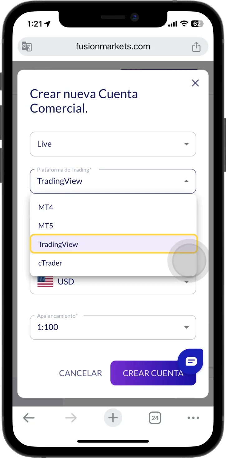 Desafortunadamente, la integración entre Fusion Markets y TradingView se completa abriendo una cuenta TradingView separada desde Fusion Client Hub. Para hacer esto, ab ra una nueva cuenta real en su Client Hub y seleccione "TradingView" como plataforma. Si desea obtener instrucciones más detalladas sobre cómo hacerlo, véalas aquí .
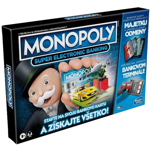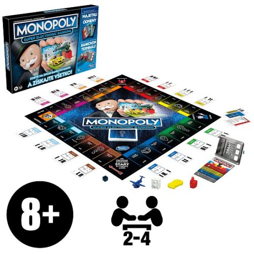 Obľúbenú spoločenskú hru Monopoly od značky Hasbro si môžete užiť aj vo vylepšenej bezhotovostnej verzii a to úplne v slovenskom jazyku. Ku každej figúrke sa viaže aj banková karta, pomocou ktorej prebiehajú na bankovom termináli všetky transakcie. Hra má inak veľmi podobné pravidlá ako klasické Monopoly s niekoľkými inováciami. Každá karta umožňuje hráčom zarábať na každom ťahu odmeny, ako je rýchly pohyb okolo herného plánu, alebo získavať bonusy pri každom nákupe. Čerpajte z balíčka odmien pre ešte viac bonusov! Ale pozor na podvody, ktoré umožňujú ostatným hráčom kradnúť odmeny a vlastnosti. Bankové technológie „tap and spin“ v štýle all-in-one robia hru rýchlu a zábavnú vďaka bezhotovostnému hraniu. Hráči si môžu okamžite kúpiť nehnuteľnosti, platiť nájomné a stúpať na ceste k bohatstvu. Táto dosková hra vám zaistí chvíle napätia a zábavy. Balenie obsahuje: hraciu dosku, bankový terminál, 4 figúrky a bankové karty, 16 kariet kúpna zmluva, 20 kariet šance, 4 referenčné karty, 1 kocku a návod. Do bankového terminálu je potrebné zaobstarať 3 batérie typu AAA. Pre 2-4 hráčov starších ako 8 rokov. Rozmer balenia: 26,67 x 40 x 4,1 cm
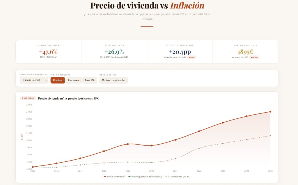 (Fuente: elaboración propia con Claude a partir de datos del INE y Fotocasa. Por cierto, Claude Opus 4.7 es la bomba para cruzar datos y montarte gráficos interactivos potentes.)

* Exercise directions *
Repeat the data above exactly, leaving out any pictures it holds.

* Your response *
 Desafortunadamente, la integración entre Fusion Markets y TradingView se completa abriendo una cuenta TradingView separada desde Fusion Client Hub. Para hacer esto, ab ra una nueva cuenta real en su Client Hub y seleccione "TradingView" como plataforma. Si desea obtener instrucciones más detalladas sobre cómo hacerlo, véalas aquí .
 Obľúbenú spoločenskú hru Monopoly od značky Hasbro si môžete užiť aj vo vylepšenej bezhotovostnej verzii a to úplne v slovenskom jazyku. Ku každej figúrke sa viaže aj banková karta, pomocou ktorej prebiehajú na bankovom termináli všetky transakcie. Hra má inak veľmi podobné pravidlá ako klasické Monopoly s niekoľkými inováciami. Každá karta umožňuje hráčom zarábať na každom ťahu odmeny, ako je rýchly pohyb okolo herného plánu, alebo získavať bonusy pri každom nákupe. Čerpajte z balíčka odmien pre ešte viac bonusov! Ale pozor na podvody, ktoré umožňujú ostatným hráčom kradnúť odmeny a vlastnosti. Bankové technológie „tap and spin“ v štýle all-in-one robia hru rýchlu a zábavnú vďaka bezhotovostnému hraniu. Hráči si môžu okamžite kúpiť nehnuteľnosti, platiť nájomné a stúpať na ceste k bohatstvu. Táto dosková hra vám zaistí chvíle napätia a zábavy. Balenie obsahuje: hraciu dosku, bankový terminál, 4 figúrky a bankové karty, 16 kariet kúpna zmluva, 20 kariet šance, 4 referenčné karty, 1 kocku a návod. Do bankového terminálu je potrebné zaobstarať 3 batérie typu AAA. Pre 2-4 hráčov starších ako 8 rokov. Rozmer balenia: 26,67 x 40 x 4,1 cm
 (Fuente: elaboración propia con Claude a partir de datos del INE y Fotocasa. Por cierto, Claude Opus 4.7 es la bomba para cruzar datos y montarte gráficos interactivos potentes.)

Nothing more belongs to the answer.